Keywords
KS, cART, HIV
KS, cART, HIV
Kaposi sarcoma (KS) is an angio-proliferative disorder that was first described in its classic form by the Hungarian physician Moritz Kaposi in 1872. It is categorised in different disease types that are all aetiologically associated with KS-associated herpesvirus (KSHV), also known as human herpesvirus 8 (HHV-8). The malignant cell of KS is the spindle cell which is infected by KSHV and is believed to be of lymphatic endothelial origin. KS lesions are composed of a combination of abnormal vascularity, inflammation and fibrosis with hemosiderin deposits.
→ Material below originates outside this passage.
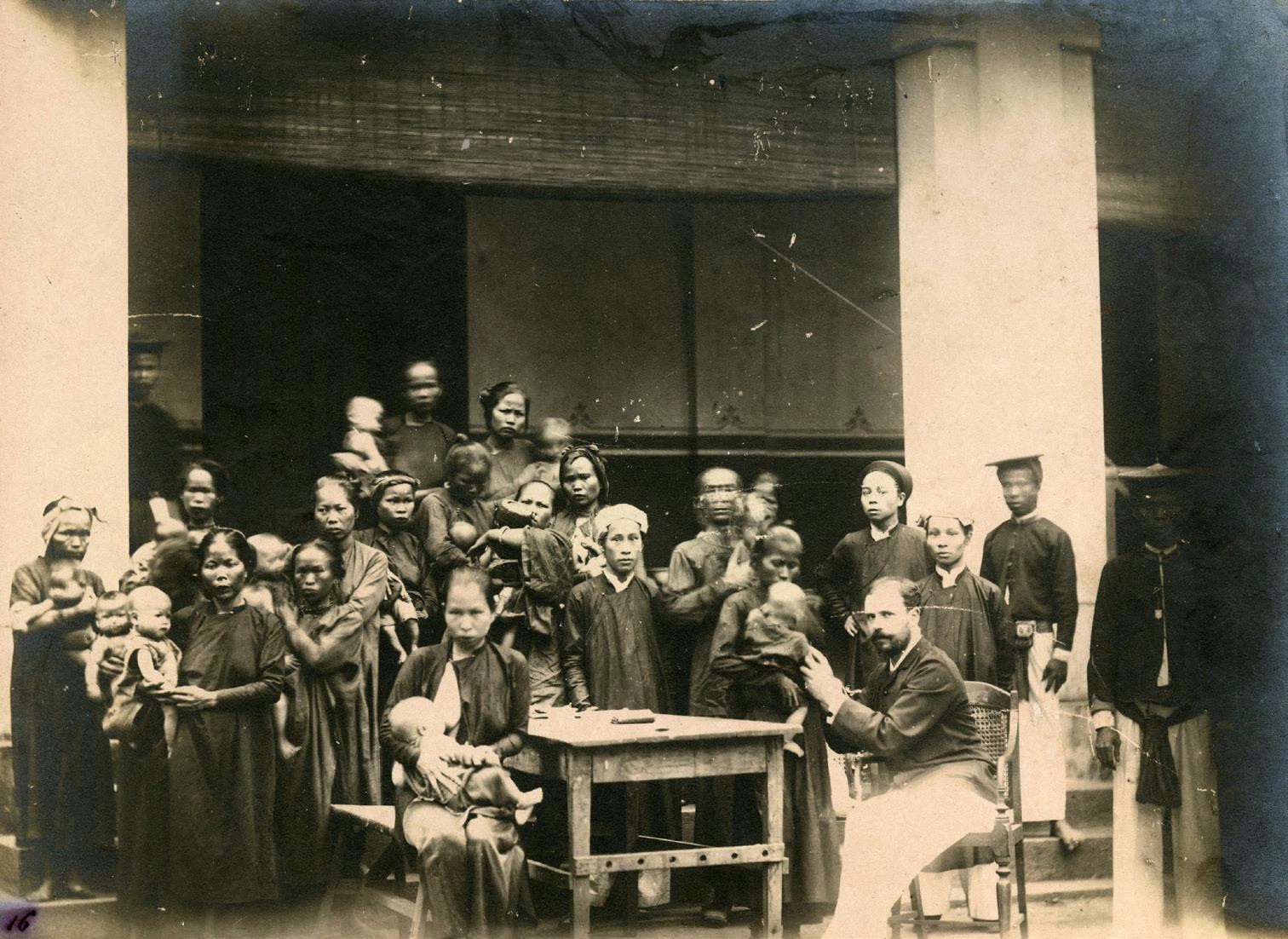 Ảnh: Bộ sưu tập của Terry BennettTiêm chủng là một phần việc của Baurac ở miền Nam Việt Nam. Trong ảnh là cảnh tiêm phòng ở Chợ Lớn, thập niên 1890.

There are four widely recognised epidemiological forms of KS: classic KS, which is a relatively indolent disease that mainly affects elderly men from the Mediterranean basin and Middle East; African (endemic) KS, which pre-existed the HIV/AIDS pandemic1; allograft transplantation-associated (iatrogenic) KS; and AIDS-associated (epidemic) KS, which is characterised by potentially aggressive clinical features.
Despite being a relatively infrequent malignancy worldwide, KS remains the most common cancer in people living with HIV (PLWH) in the African continent and is one of the most common tumours, especially in children in central, eastern and southern Africa2,3. WHO-GLOBOCAN data indicate that there were 41,799 new KS diagnoses (28,248 males and 13,551 females) and 19,902 (13,117 males and 6,785 females) KS deaths globally in 20184.
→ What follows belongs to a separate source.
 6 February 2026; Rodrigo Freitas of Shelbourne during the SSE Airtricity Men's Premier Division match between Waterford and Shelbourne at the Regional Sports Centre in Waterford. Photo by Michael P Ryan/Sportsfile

The introduction of combination anti-retroviral therapy (cART) led to a remarkable decline in AIDS-KS incidence5 and to a significant improvement in KS prognosis6,7. However, KS still accounts for significant morbidity and mortality, particularly in sub-Saharan countries. Although the incidence of KS fell with the cART-induced rise in CD4 T-cell count and immune reconstitution, the risk of developing KS in PLWH with a normal CD4 T-cell count remains substantially higher than in the general population8.
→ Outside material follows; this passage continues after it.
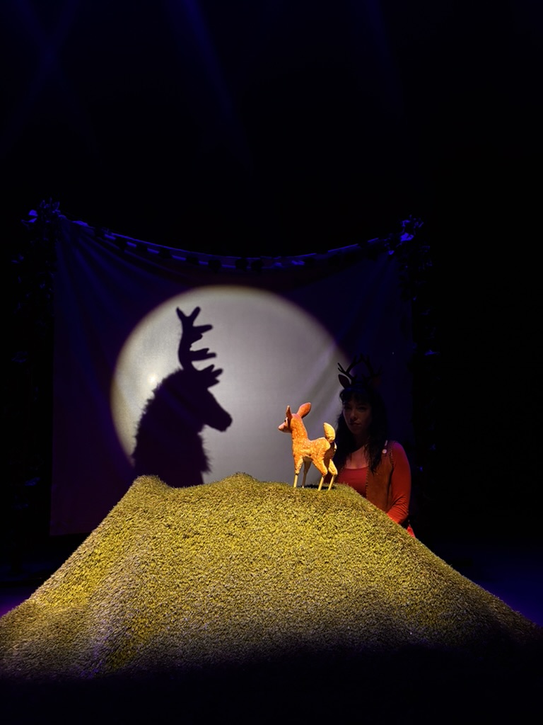 "Bambi" es una obra de teatro de títeres y objetos basada en la novela original de "Bambi, una vida en el bosque" de Félix Salten, una novela lírica y profunda que relata la vida de un joven corzo hasta que se convierte en un ciervo adulto. Interpretada por Alba Vergne y dirigida por Malgosia Szkandera, esta obra despliega una visión poética y realista del ciclo de la vida en la naturaleza. No es sólo un cuento de animales, es un relato con una profundidad filosófica sobre los vínculos y la naturaleza, que transmite valores como la empatía, el autoconocimiento, la resiliencia, la interconexión y el respeto por la vida silvestre y el equilibrio natural, a través del crecimiento y maduración del joven Bambi.
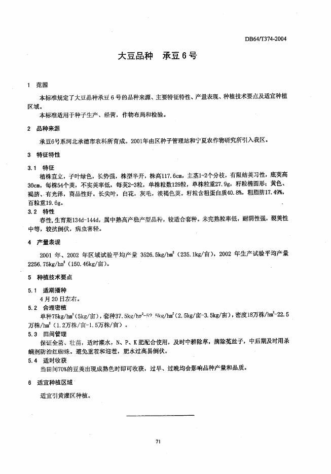 DB64/T 374-2004 大豆品种 承豆6号

A conspicuous body of clinical evidence indicates that AIDS-KS can regress following starting cART alone9,10, suggesting a proportion of cases to be fully sensitive to cART-mediated immune reconstitution. After starting cART, patients with anti-retroviral–naïve HIV recover their immunity, at least in part, within months. Responses to cART alone are variable. Complete remission of KS occurs in 20 to 80% of patients and is more frequent in cART-naïve patients with limited-stage disease who are compliant with HIV therapy11. The mechanism of KS regression is thought to be immunological and specifically associated with reconstitution of an effective cytotoxic cell–mediated response targeting KSHV. As KS can rapidly progress and affect vital organs, patients with advanced-stage KS (Table 1) need additional systemic anti-cancer treatment alongside cART12. Additionally, a proportion of HIV-infected patients will develop KS de novo or will experience disease progression after starting cART and this phenomenon may be an indicator of unmasking and paradoxical immune reconstitution inflammatory syndrome. There are no controlled trials to evaluate the best care of such patients, although systemic chemotherapy for KS, and not steroid treatment that is associated with disease progression, seems appropriate as reported in small series and case reports13–16.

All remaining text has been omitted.